_Work required_
Taking the line with "LOT: 43784592 VIN: 5UXCR6C07N9N21848" as the first and the line with "Blauschwarze Holzbiene / Gewöhnliche Mahonie" as the last, set down the lines below exactly, pictures excluded.

_Excerpted records_
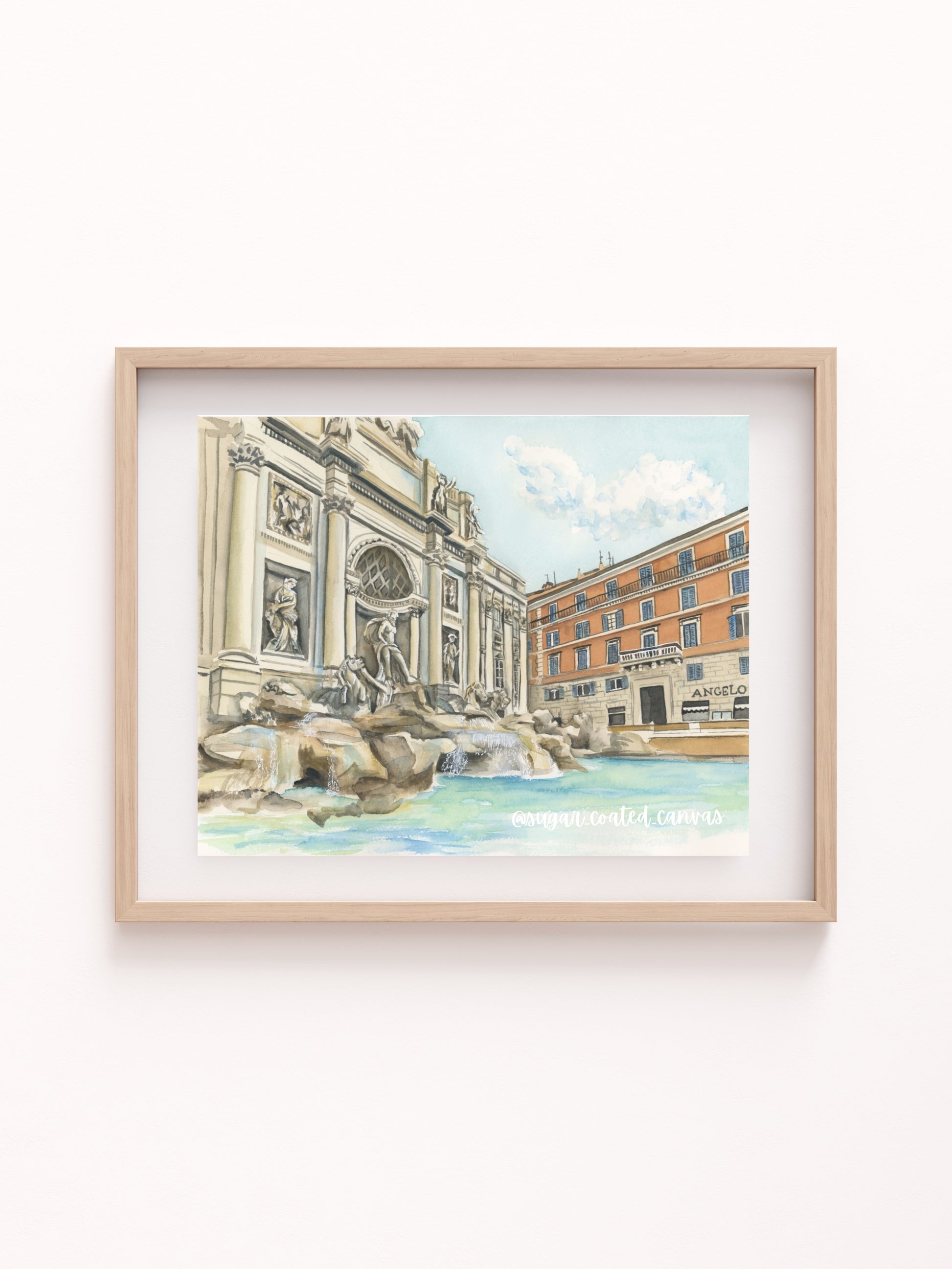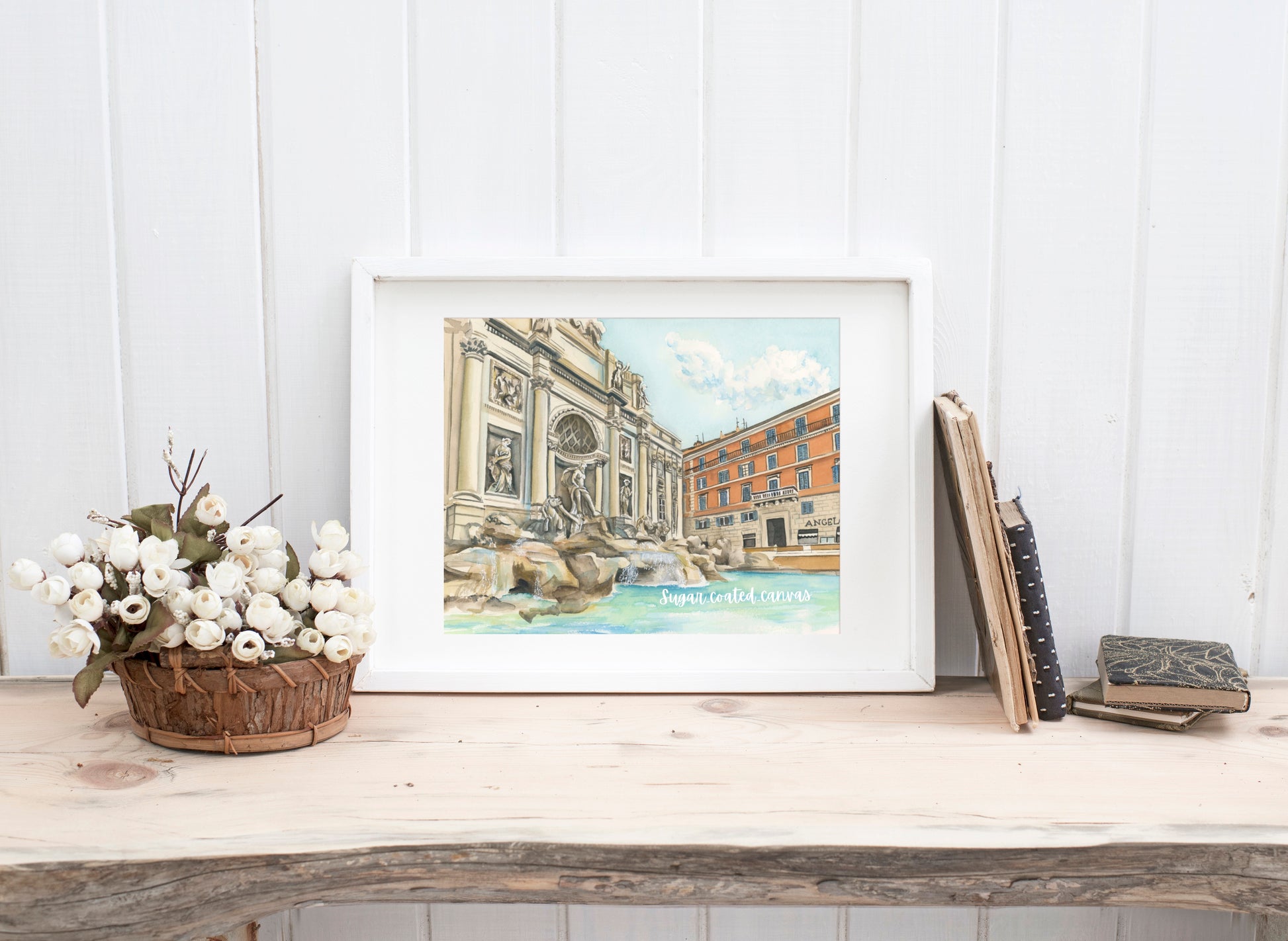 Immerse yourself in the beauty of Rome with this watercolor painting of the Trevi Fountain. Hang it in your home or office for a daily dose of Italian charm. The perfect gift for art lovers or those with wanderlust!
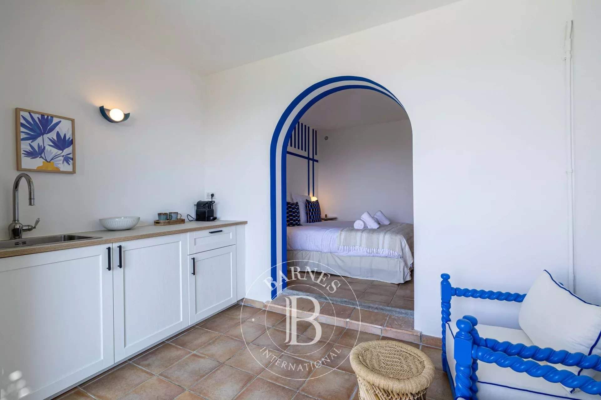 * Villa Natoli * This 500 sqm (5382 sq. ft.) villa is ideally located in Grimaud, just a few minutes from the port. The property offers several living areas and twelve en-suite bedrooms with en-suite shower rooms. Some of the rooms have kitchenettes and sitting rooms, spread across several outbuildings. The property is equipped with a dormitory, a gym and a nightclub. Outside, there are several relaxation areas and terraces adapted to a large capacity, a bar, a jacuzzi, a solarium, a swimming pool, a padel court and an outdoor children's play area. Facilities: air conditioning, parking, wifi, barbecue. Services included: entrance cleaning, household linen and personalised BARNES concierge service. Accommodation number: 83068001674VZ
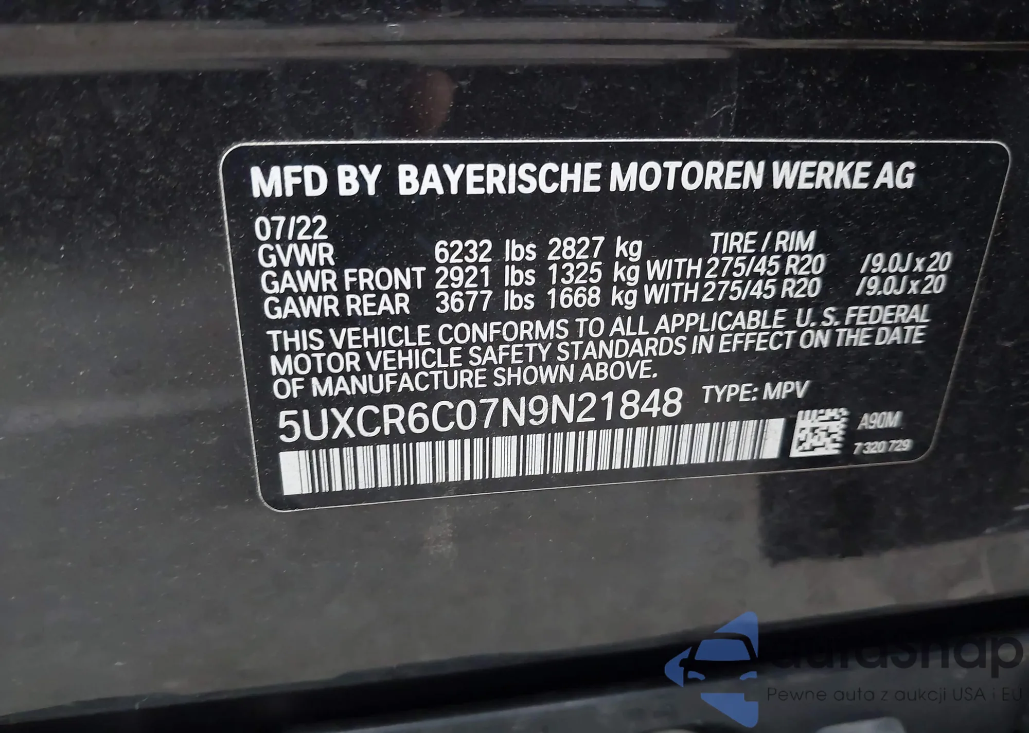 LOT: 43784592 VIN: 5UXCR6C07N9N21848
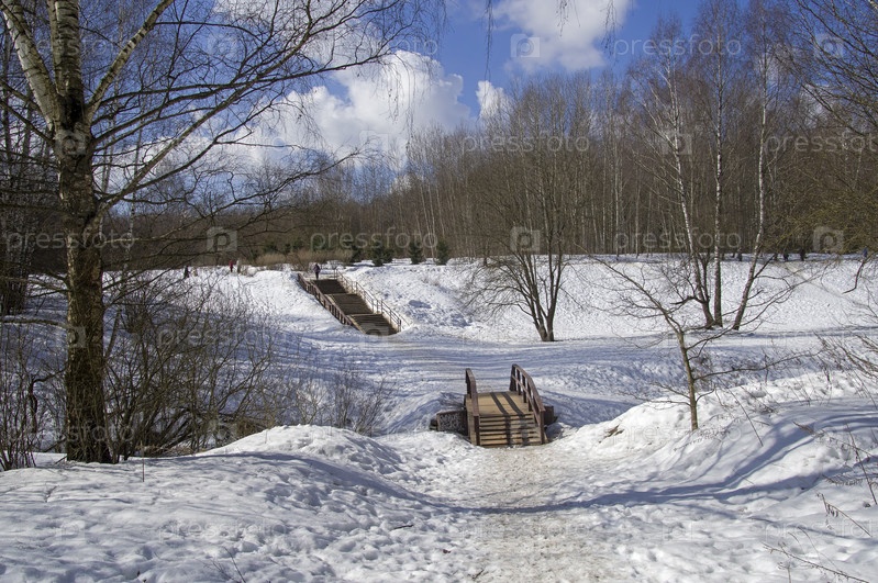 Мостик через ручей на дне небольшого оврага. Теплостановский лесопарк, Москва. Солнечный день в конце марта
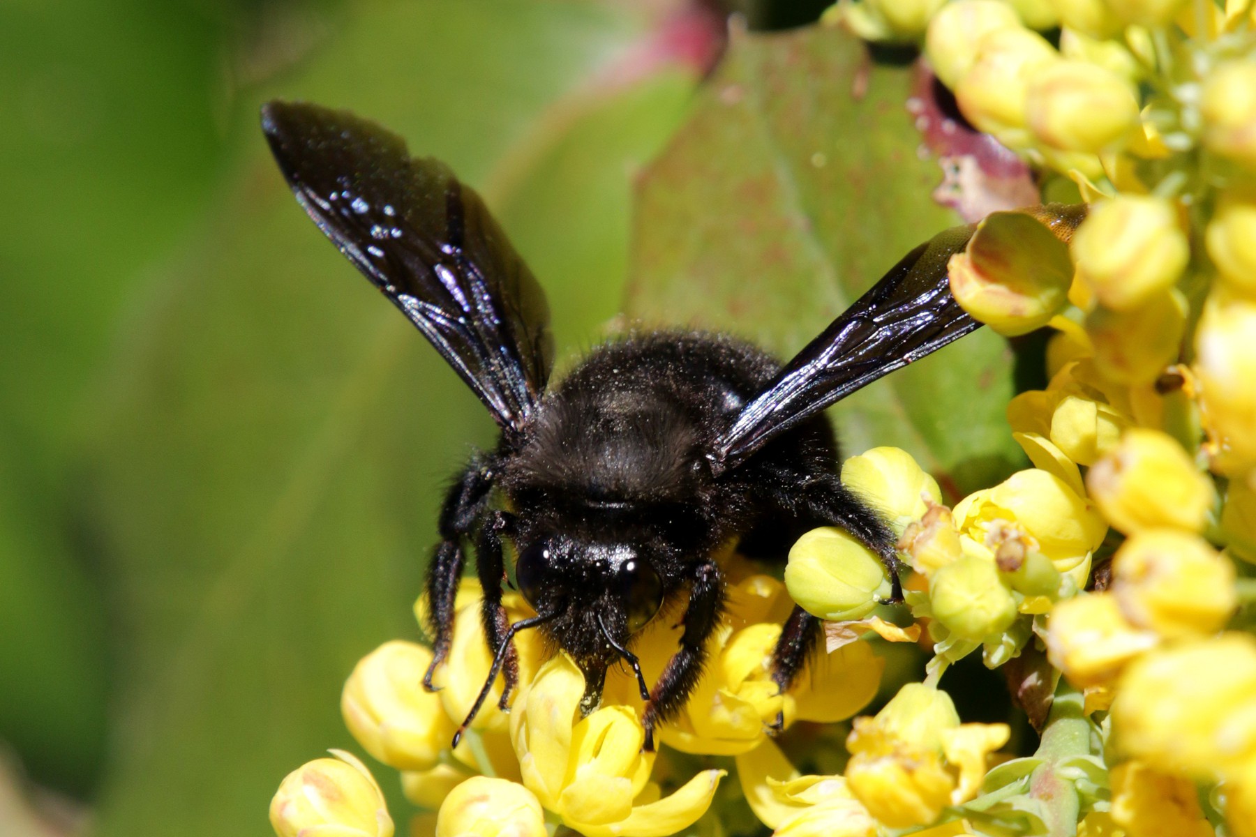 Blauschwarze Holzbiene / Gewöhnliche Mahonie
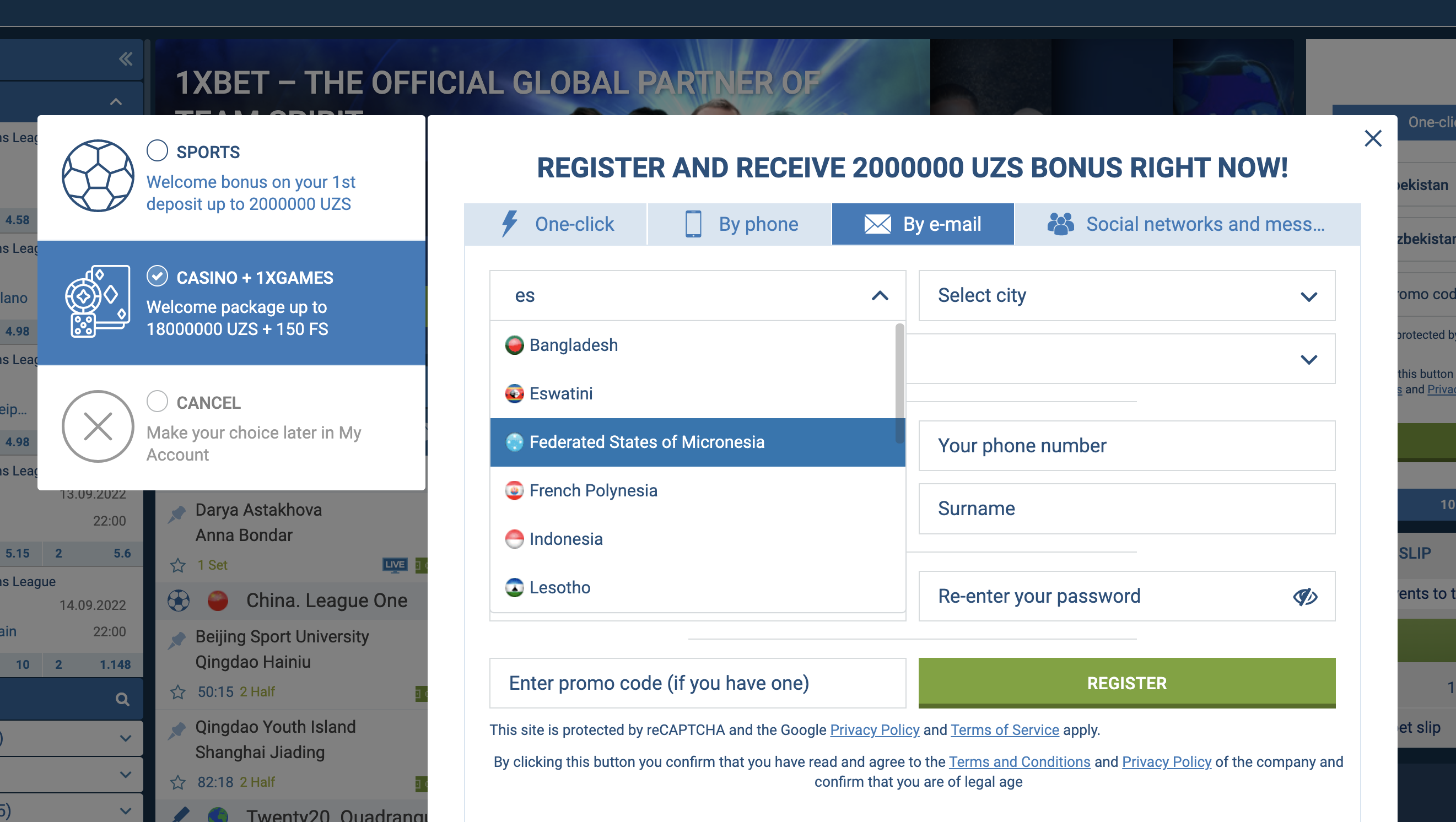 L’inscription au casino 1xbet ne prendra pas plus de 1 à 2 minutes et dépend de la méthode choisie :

_Solution for this exercise_
 LOT: 43784592 VIN: 5UXCR6C07N9N21848
 Мостик через ручей на дне небольшого оврага. Теплостановский лесопарк, Москва. Солнечный день в конце марта
 Blauschwarze Holzbiene / Gewöhnliche Mahonie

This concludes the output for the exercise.